When I stayed at Lakeside this year I did two cottage paintings en plein air. I have painted quite a few cottages over the past few years, several as commissions. I kept them small this year as the days were warm and I didn't want to stand in the sun any longer than necessary.

Shown here is the Peach Cottage, on Fourth Street and a blue cottage at the end of Kenton Row, with a nice view of the lake from its northern windows.

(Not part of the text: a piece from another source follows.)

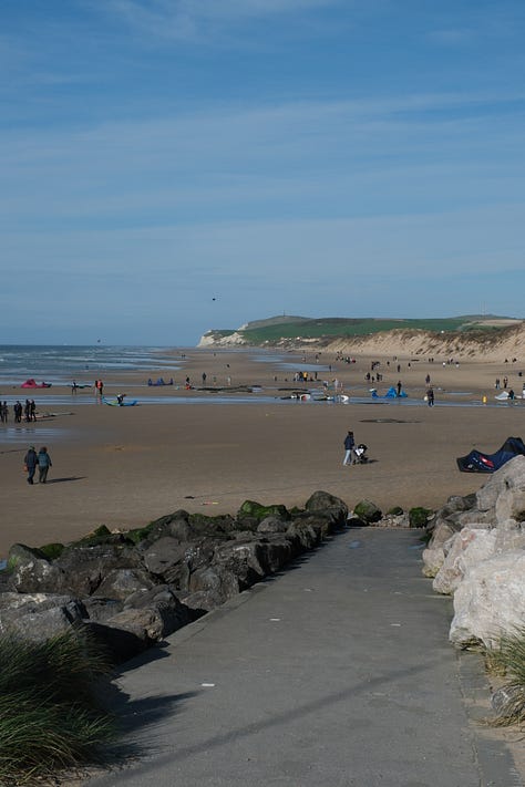 À Wissant, le vent souffle fort et attire surfeurs ou kiters. On s’offre une gaufre au bout de la digue pour profiter du spectacle.

The trick to making a successful composition with a building is to be keenly aware of how the eye enters the painting and where you want the center of interest to be. In the first painting the flowers are the draw and all the planes of the garage 'point' toward  the flowers. The stairs and window are incidental but the color of the house itself will not be ignored so I made sure I modified the peach with a lot of green. I painted this on a gray day so there isn't a lot of contrast between light and shadow. The values are a lower key and the scene is actually quite muted,
The Peach House
 In direct contrast to the painting above this one was painted in strong afternoon sunlight. The shadows are dark and the light is warm. A path (really -- it was right there!) leads us into the painting and the shrubs drive us up to the building where the strong contrasts hold the eye. The flag and doorway become the focus and from there we are (I hope anyway) encouraged to explore the rest of the landscaping.

The challenge with painting landscapes this small is always a question of what to omit. I think the more I leave out the better I like it. Up close the objects are just abstract forms but when they are placed together in an orderly manner they read as a house and a nicely landscaped lot. Red blobs are pots only because we believe them to be, not because they were painted with a great deal of accuracy.

That's a lake freighter in the background, along with a few boats. But we only know this because the horizon reads as water.